1. Field of the Invention
This invention generally relates to certain aspects of high speed computer parallel databus structures. More particularly, the present invention relates to a novel apparatus and method for improving the transmission of data between a computer and peripheral devices using parallel databus structures.
2. Description of Related Art
Typically, computers will have at least one parallel data bus infrastructure capable of accommodating the digital signals communicated between a host computers"" processor and a peripheral hardware, such as a memory storage device. For example, as illustrated in FIG. 1A, host device 50 transmits digital data to a transmit parallel bus interface 60, which converts the digital data to a form suitable for transmission and transfers the data on the parallel bus 70. At the other end, the digital data is received by a receive parallel bus interface 80, which converts the digital data and transfers it to the memory storage device 90.
Such communications between the host device 50 and the memory storage device 90 may comply with one (or several) of the well-known Small Computer Standard Interfaces (SCSI) protocol. SCSI is a set of evolving electronic interface standards that allow computers to communicate with peripheral hardware in a parallel fashion. In doing so, SCSI interfaces are faster and more flexible than previous interfaces. For example, the Ultra-3 SCSI standard specifies a bus that can transfer data up to 160 Mbytes/sec and can interconnect up to 16 devices. TABLE 1 summarizes various attributes of the currently-adopted SCSI standards, below:
SCSI interfaces are not, however, immune to signal distortion effects that are inherent in most digital transmission apparatuses. At fast digital data transmission speeds or long cable lengths, SCSI interfaces are susceptible to inter-symbol interference (ISI), which distorts a digital signal by temporally spreading and consequently overlapping the individual digital symbols. As digital data transfer speed increases, the ISI effects in communication via a long cable become substantial to the degree where simple voltage level detection becomes insufficient in distinguishing between logic level changes and, thus, the receiver may not be reliable enough to extract data from the incoming signal.

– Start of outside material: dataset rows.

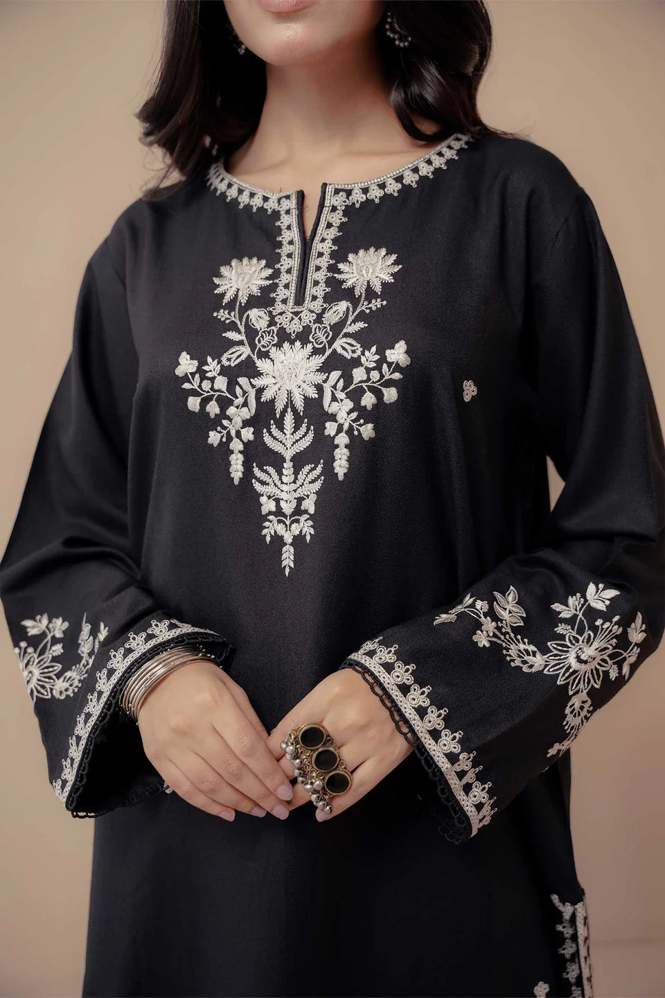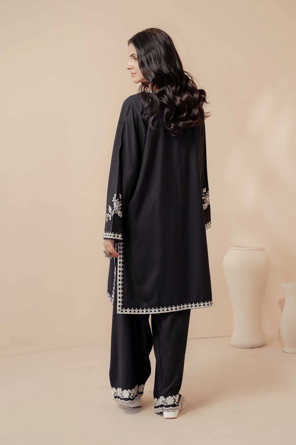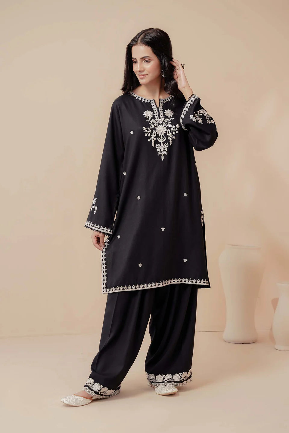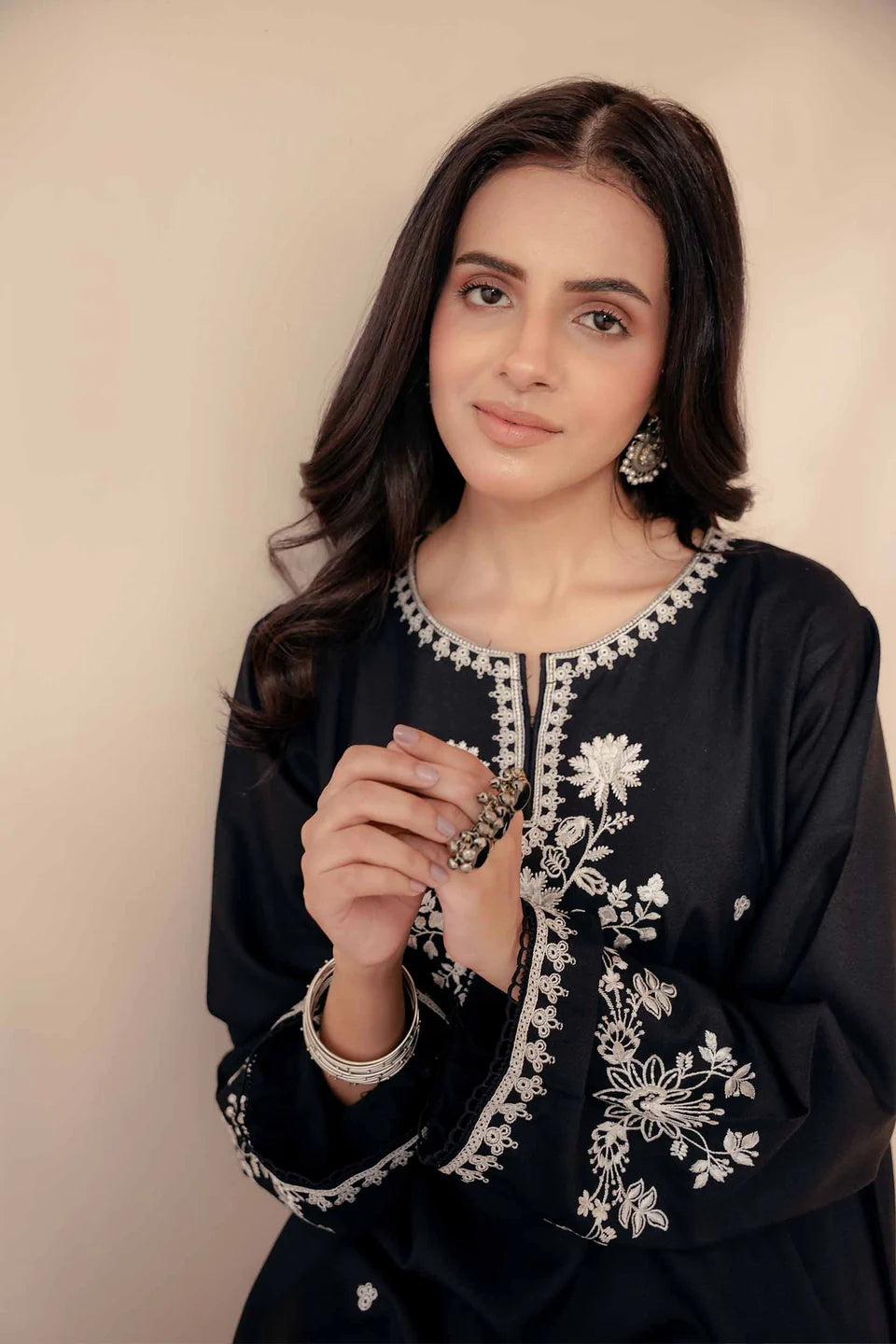 A classic black 2-piece embroidered outfit that embodies elegance and sophistication. Detailed with delicate threadwork on a deep canvas, this timeless piece is perfect for graceful winter occasions.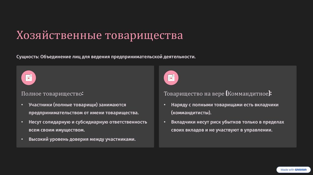 Хозяйственные товариществаСущность: Объединение лиц для ведения предпринимательской деятельности.
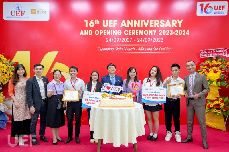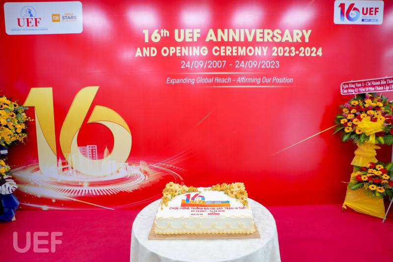 Sáng 23/9, Trường Đại học Kinh tế - Tài chính TP.HCM (UEF) đã long trọng tổ chức Lễ kỷ niệm 16 năm thành lập (24/9/2007 – 24/9/2023) và khai giảng năm học mới 2023-2024. Trong dấu mốc đặc biệt này, tập thể Nhà UEF cùng nhìn lại, cảm nhận và chúc mừng cho những thành quả đã đạt được, cũng như quyết tâm phấn đấu để hoàn thành mục tiêu lớn hơn trong năm học mới.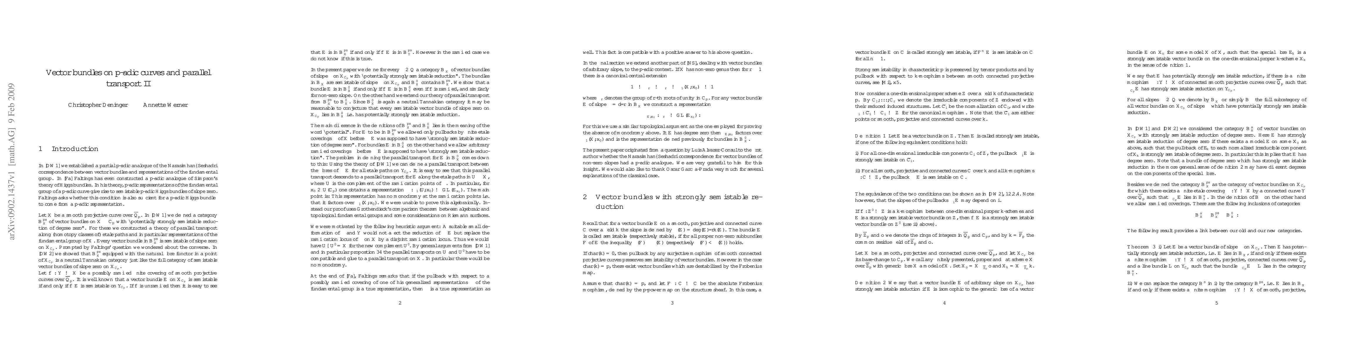 This paper extends the theory of étale parallel transport to vector bundles on p-adic curves, focusing on slope zero bundles that remain stable under ramified coverings. It also constructs p-adic representations for central extensions of the fundamental group for bundles of non-zero slope.

A major contribution to these ISI effects is due to the resistance (R) and capacitance (C) of the cable, which affects both the phase and amplitude of the digital signals conveyed by the cable. In fact, in addition to the resistance of the cable depending on the wire gauge, coating material, and the stranding configuration, the overall attenuation of the cable generally increases exponentially with frequency. Moreover, at longer cable lengths, the digital signal amplitude may vary in accordance with the data pattern. Thus, when evolving SCSI standards propose increasing the transfer rate (e.g., from 160 Mbytes/sec to 320 Mbytes/sec), the frequency components carrying the digital information are doubled, and the R-C effects become even more impairing. Under certain conditions, the isolated digital pulse amplitude can be too low to be reliably detected by a simple comparator, as currently used in SCSI environments
To mitigate these ISI effects, one conventional approach equalizes the digital pulse signal by employing a second order zero (s2) in the frequency domain to narrow the pulse into a pre-defined target shape. Such an approach is effective in reducing the amplitude distortions associated with ISI, but is relatively ineffectual in correcting phase distortion.

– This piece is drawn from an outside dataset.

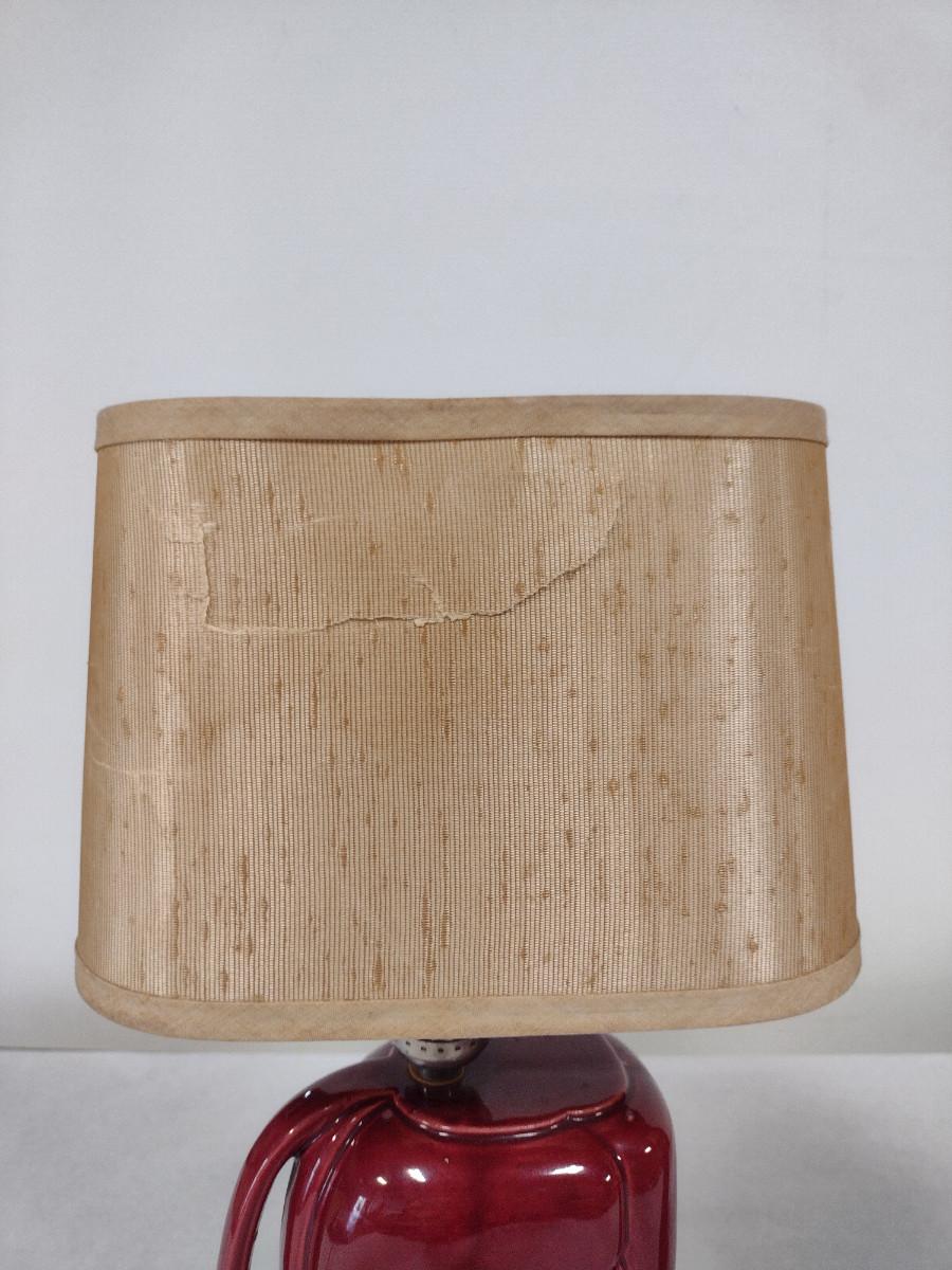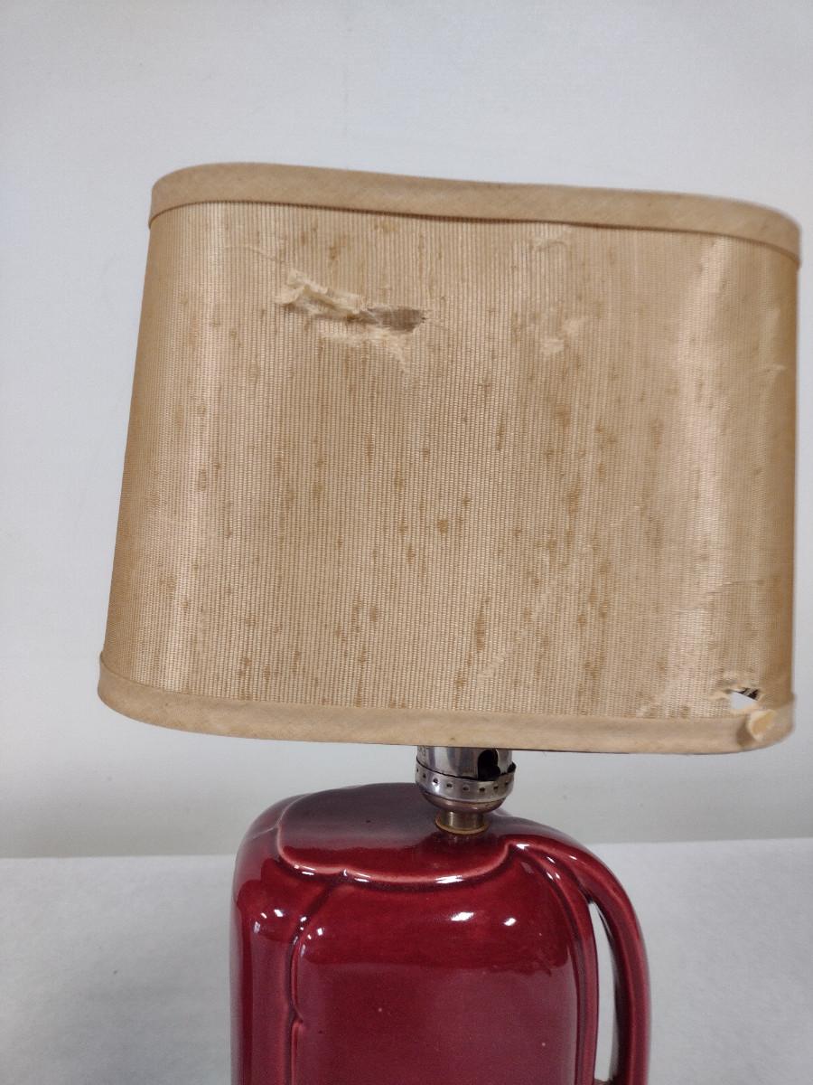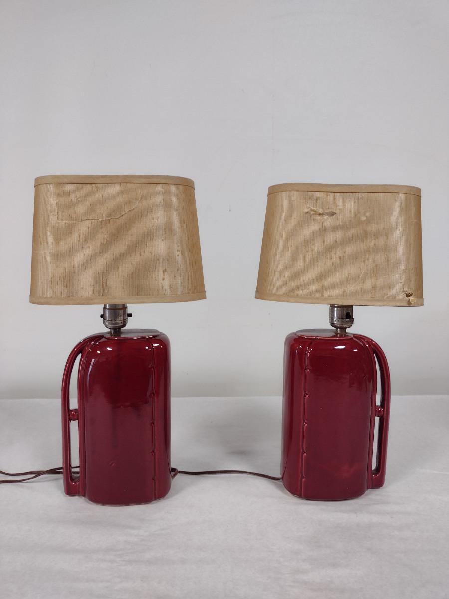 Pair of Glazed Ceramic Lamps with Shades. Shades are damaged.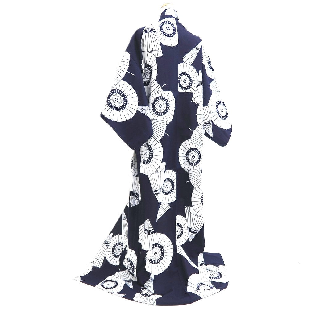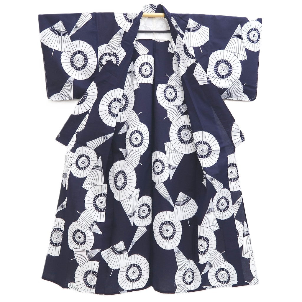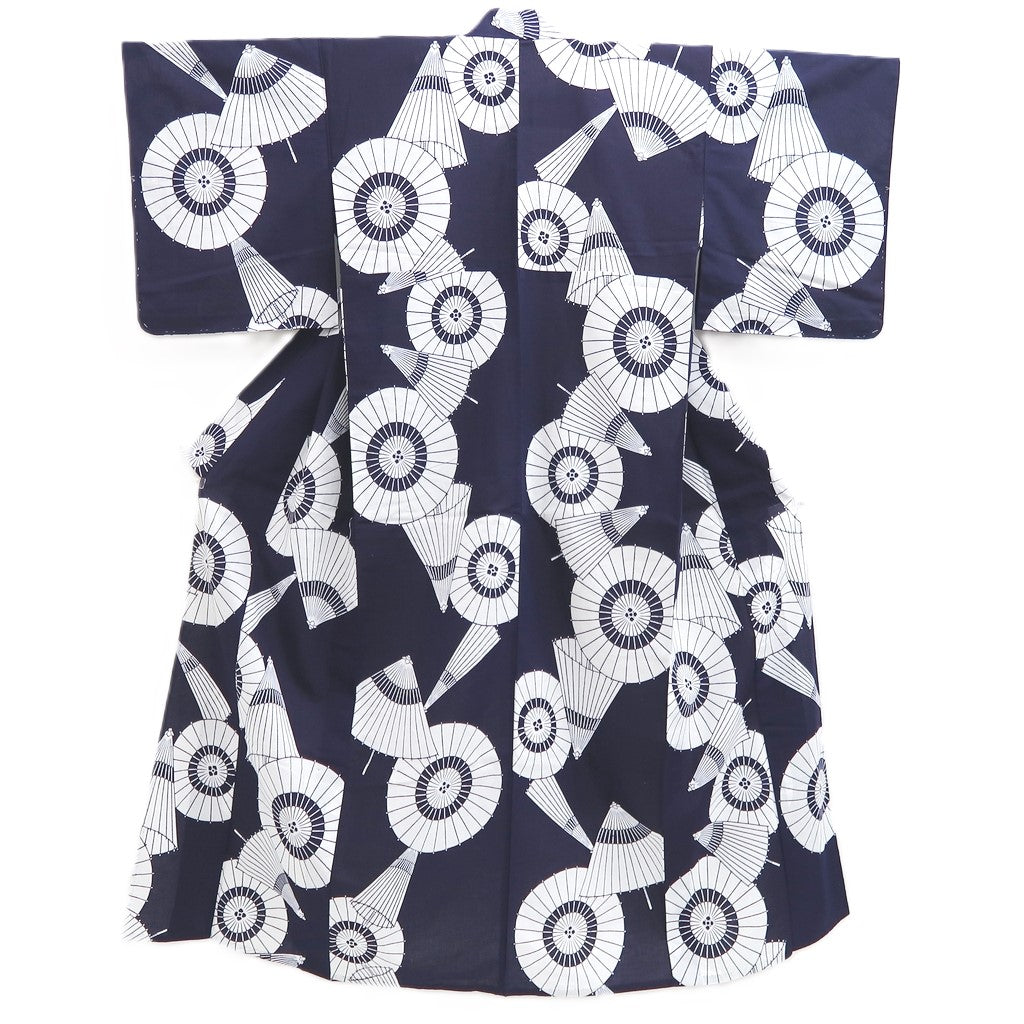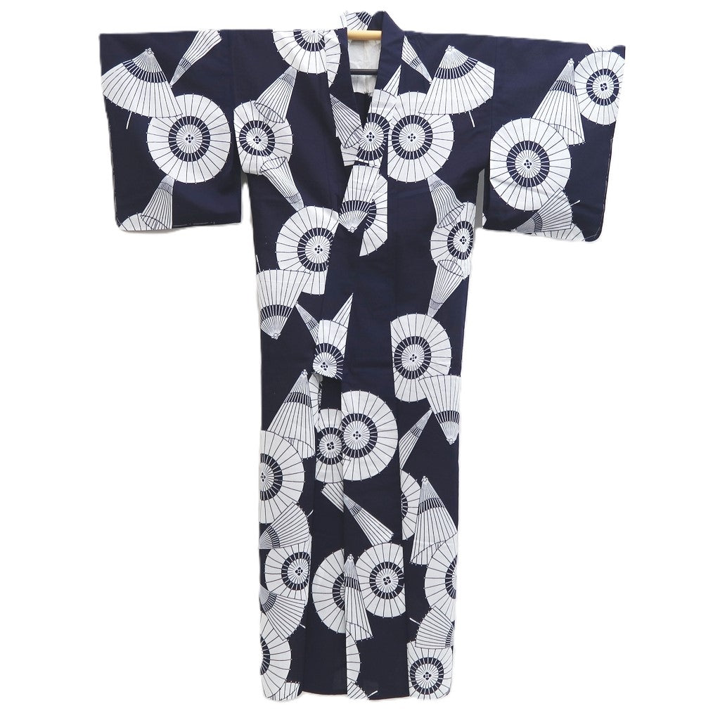 This vintage yukata features the elegant Bangasa Umbrella pattern, crafted from soft cotton for comfortable daily wear. Its traditional Japanese design not only provides breathable comfort but also serves as a striking piece of wall art, blending cultural beauty with versatile use. Ideal for those who value both functionality and aesthetic appeal.

Another conventional approach incorporates a matched filter having a transfer function that is the inverse of the transmission media transfer function. In this manner, amplitude and phase distortions induced by the cable are neutralized. Although effective, the application of this approach is limited by the fact that SCSI interfaces utilize multiple signal lines, each of which may have a different cable impedance due to variances in wire gauge, coating materials, stranding arrangement, etc. Moreover, SCSI interfaces must accommodate a host of different apparatus configurations. These factors make it extremely difficult, if not economically unfeasible, to provide a single match filter that adequately covers the various cases.
What is needed is a method and apparatus that can overcome the limitations of conventional approaches by providing an adaptive equalization technique that adaptively amplifies the frequency components that carry the digital data information and attenuates nonessential frequency components to reduce ISI and make data detection reliable. Moreover, the method and apparatus must be simple to implement and economically feasible.

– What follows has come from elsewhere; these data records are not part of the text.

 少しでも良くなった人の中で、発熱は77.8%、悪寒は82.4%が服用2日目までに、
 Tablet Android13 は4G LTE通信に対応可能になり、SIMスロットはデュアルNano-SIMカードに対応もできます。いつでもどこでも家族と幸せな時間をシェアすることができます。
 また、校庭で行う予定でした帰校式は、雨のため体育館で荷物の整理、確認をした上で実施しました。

An apparatus and a method utilize an adaptive equalization technique for mitigating inter-symbol interference effects on an oscillating signal from which digital data will be obtained at a receive end of a channel. Such an apparatus may include a filter element for receiving an input signal from a transmitting device and outputting a filtered signal within a predetermined frequency band. The filter element comprises a mechanism for compensating for the transmission channel losses in the signal frequency band, and increasing the rejection of undesired higher frequency signals. The apparatus and method also include an amplitude determining mechanism for determining the amplitude of the filtered signal and a gain control mechanism to adapt the filter characteristic for optimum compensation of the transmission channel losses at each individual receiver location on the parallel bus structure.